**Aim of the task**.
Every entry that follows should be output exactly, and every image in it left out.

= = = = = = =

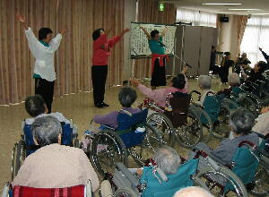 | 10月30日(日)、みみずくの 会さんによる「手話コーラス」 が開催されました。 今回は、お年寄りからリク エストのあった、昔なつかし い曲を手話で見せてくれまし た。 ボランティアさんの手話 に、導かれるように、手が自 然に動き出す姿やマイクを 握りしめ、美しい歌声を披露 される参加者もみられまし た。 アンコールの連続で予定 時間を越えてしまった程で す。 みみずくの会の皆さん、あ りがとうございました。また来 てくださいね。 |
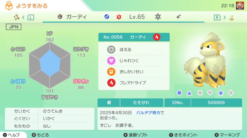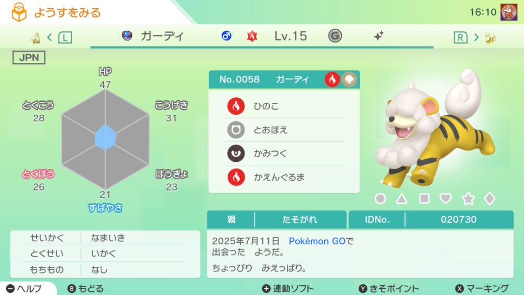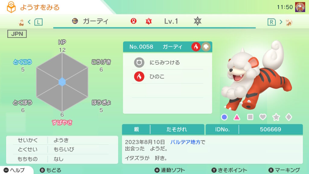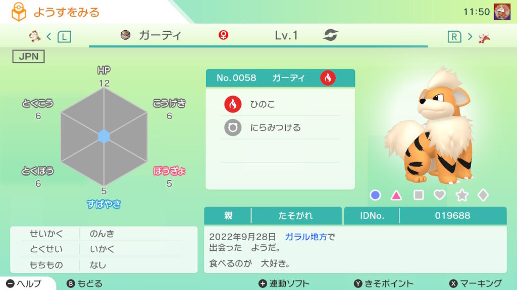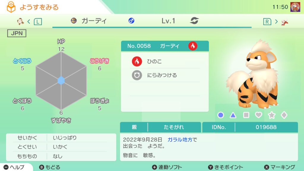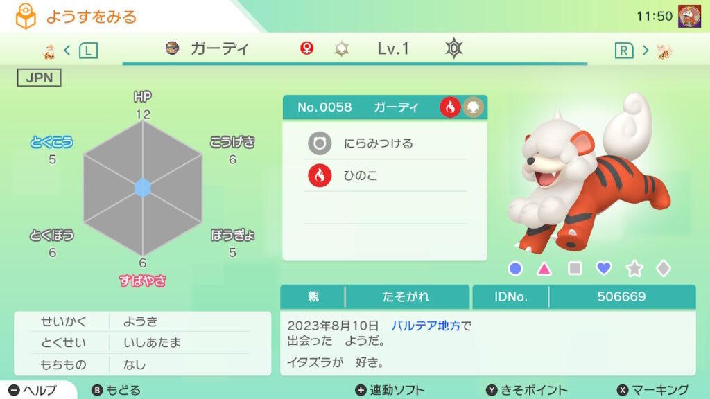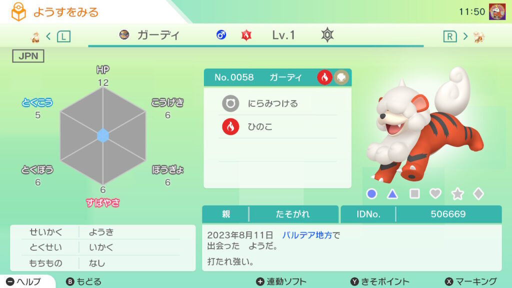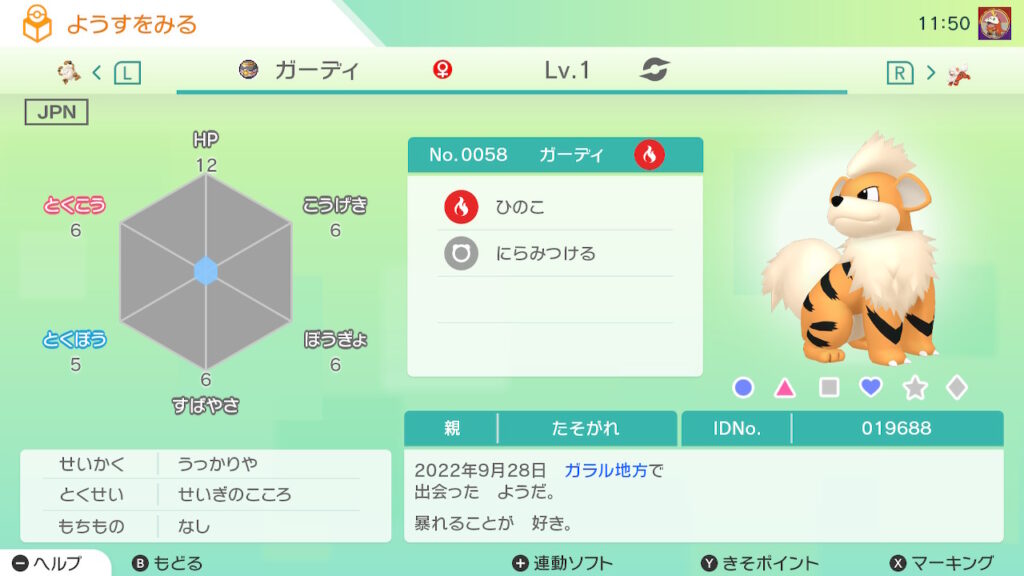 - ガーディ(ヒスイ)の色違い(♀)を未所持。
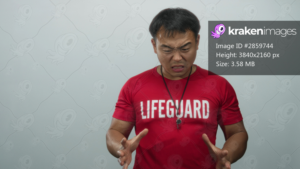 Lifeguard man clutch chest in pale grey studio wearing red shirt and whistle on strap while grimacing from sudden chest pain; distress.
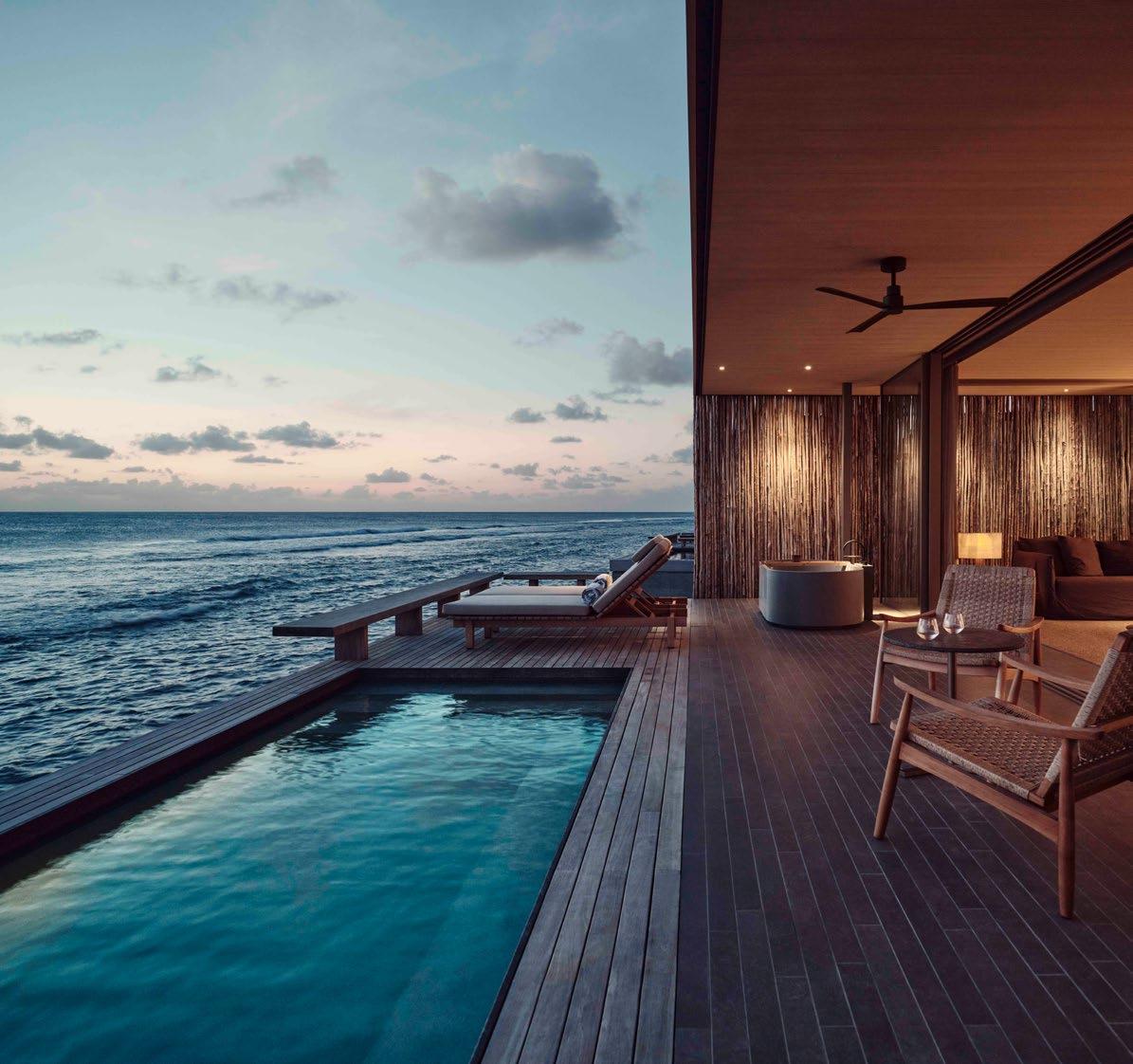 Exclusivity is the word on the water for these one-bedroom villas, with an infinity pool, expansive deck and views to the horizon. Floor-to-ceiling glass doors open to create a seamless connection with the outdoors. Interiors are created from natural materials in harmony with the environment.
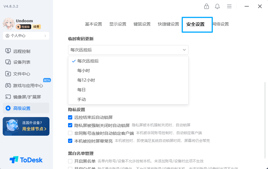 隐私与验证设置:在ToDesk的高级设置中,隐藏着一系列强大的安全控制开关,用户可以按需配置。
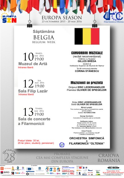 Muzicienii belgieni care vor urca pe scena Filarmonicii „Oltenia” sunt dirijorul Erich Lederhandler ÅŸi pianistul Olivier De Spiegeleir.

= = = = = = =

**Response to this exercise**.
 | 10月30日(日)、みみずくの 会さんによる「手話コーラス」 が開催されました。 今回は、お年寄りからリク エストのあった、昔なつかし い曲を手話で見せてくれまし た。 ボランティアさんの手話 に、導かれるように、手が自 然に動き出す姿やマイクを 握りしめ、美しい歌声を披露 される参加者もみられまし た。 アンコールの連続で予定 時間を越えてしまった程で す。 みみずくの会の皆さん、あ りがとうございました。また来 てくださいね。 |
 - ガーディ(ヒスイ)の色違い(♀)を未所持。
 Lifeguard man clutch chest in pale grey studio wearing red shirt and whistle on strap while grimacing from sudden chest pain; distress.
 Exclusivity is the word on the water for these one-bedroom villas, with an infinity pool, expansive deck and views to the horizon. Floor-to-ceiling glass doors open to create a seamless connection with the outdoors. Interiors are created from natural materials in harmony with the environment.
 隐私与验证设置:在ToDesk的高级设置中,隐藏着一系列强大的安全控制开关,用户可以按需配置。
 Muzicienii belgieni care vor urca pe scena Filarmonicii „Oltenia” sunt dirijorul Erich Lederhandler ÅŸi pianistul Olivier De Spiegeleir.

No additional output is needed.